Editor’s Note — All-new episodes of “Stanley Tucci: Searching for Italy” start this Sunday, October 9, at 9 p.m. ET only on CNN.
What’s it like visiting a town in Italy where more than half the population has the same name as you?
For actor Stanley Tucci, accompanying his elderly parents to his ancestral homeland in the southern Italian region of Calabria, it was “very emotional.”
The Tucci family made a pilgrimage to the town of Marzi, tucked away in the toe of Italy’s boot, in one of the latest episodes of his CNN Original Series “Searching for Italy.”
It was the first time the actor and his parents had visited the town since he was 12 years old, he says.
“It was very emotional,” he told CNN’s Christiane Amanpour this week. “You know, my dad is 92, my mother is 86, and they never thought they’d go again and see those people again, and we were able to make it happen.

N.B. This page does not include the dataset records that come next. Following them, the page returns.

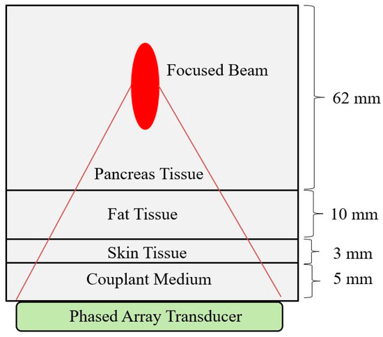 A large volume of data is needed for training machine learning algorithms. Since it is not practical for us to use a very large number of transducers and produce focused ultrasound responses for different array distributions on the transducer surface, we generated data with the modified angular spectrum method that is developed and verified in this study (Section 2.1) as a substitution for real data. We have created a dataset by considering a common soft tissue necrosis scenario where the focused beam from a phased array transducer travels through layers of tissues before converging in the target media. The tissue layout shown in Figure 1 represents how the tissue layers are arranged through couplant media, skin, fat, and finally pancreas tissue. These tissue properties are given in Table A3.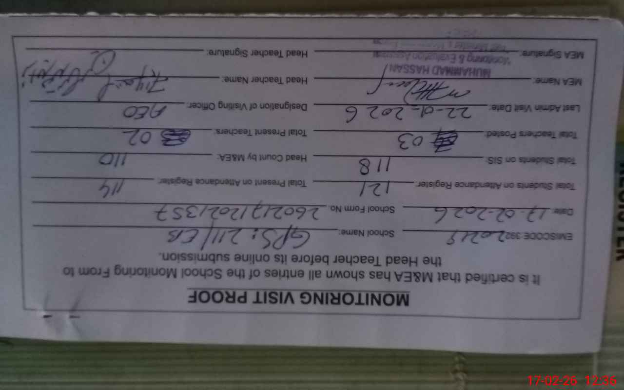| Certified that this School was Inspected by the Undersigned MEA/DMO Today and the Information Stated Above is as Per Record. | |||||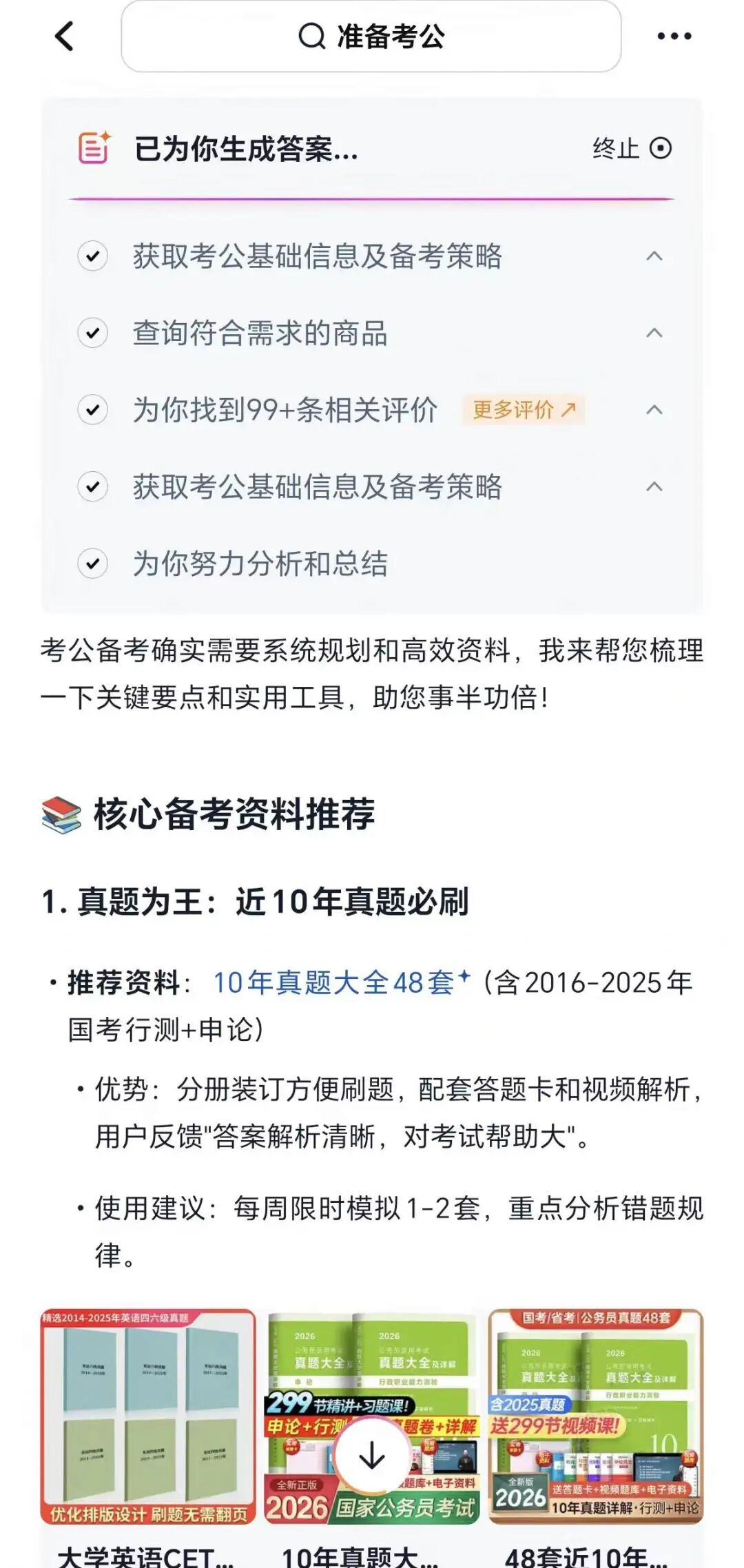 在消费者侧,AI 购物工具的使用频率明显提升。用户不需要搜索具体品牌,只需输入「想提高数学成绩」或「准备考公」,系统就能生成学习方案,并推荐对应的硬件和课程。教育产品因此进入自然推荐路径,不再依赖用户主动查找,而是通过 AI 识别需求后直接呈现。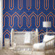 Art Deco Pattern 05 - Sinaasappel op Pruisisch Bla Behang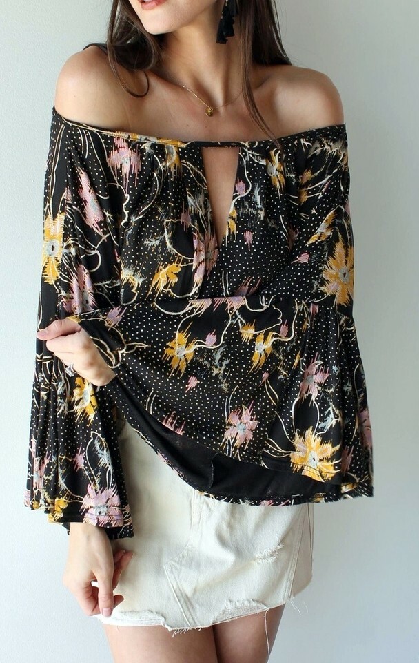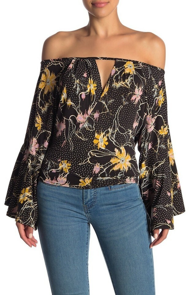 Women's Free People Last Time Printed Draped Bell-Sleeve Top

“They had a great time, it was very moving.”
During the show, the Tuccis wander the streets of Marzi — some named after other Tuccis — in search of the home of his grandfather, Stanislaw Tucci.
More than half of the people in Marzi are called Tucci, the actor says. CNN
Tucci’s father, also named Stanley, struggled to recall the exact location and the hunt was also hampered by the fact that Tucci isn’t an uncommon name in this corner of Italy.
“As it turns out, being a Tucci isn’t that remarkable over here,” Tucci relates in the Calabria episode of “Searching for Italy,” which airs on CNN Sunday night at 9 p.m. ET.
“Over half of Marzi’s population shares our name, which turns out to be a big problem as my dad wants to find his father’s house.”
Tucci told Amanpour that it wasn’t certain whether they found the actual ancestral home, joking that they didn’t knock on the door of a likely contender as they were distracted by food.
“I guess we had to go eat, probably,” he said.
Exacting tastes
Food, of course, plays a big part in Tucci’s exploration of Italy. In Calabria he says the locals were, like in other regions of the country, passionate about the superiority of their own cooking styles.
“Italians are very precious about their recipes,” he told Amanpour. “And they’re very distinct. They say, ‘I use exactly this kind of fish, I use this kind of tomato, I use this kind of oil, I use this kind of garlic, and it can only be this big…’ and it’s exhausting after a while, having been through the entire country.
“But it’s fascinating, it’s what makes them so singular.”
The frugality and simplicity of some Italian dishes have also made an impression on Tucci. He says many delicious recipes have evolved using offcuts of meat because that’s all that was available.
“That is the basis of Italian cuisine in almost every single region,” he says. “And of course that would change over the years, but for the most part, that’s what the majority of people ate.
“They ate the offcuts of things, they ate things that they grew seasonally.”
“If you look at the Italian larder, it’s a really simple set of ingredients. You can basically have about 10 ingredients and you have an Italian kitchen, and that’s sort of the beauty of it.
“The range that they have within those 10 ingredients is astounding.”
But, he observes, Italians can often be hidebound when faced with culinary innovation, citing one young cheesemaker he encounters on his travels who had the temerity to make an unusual blue goat cheese, which is now highly successful.
“In Italy they’re very specific and dogmatic about what kind of cheese you make, with what,” Tucci said. “Can a blue cheese be made with goat? Absolutely not! But he did, and his family were very upset. And now they’re happy.”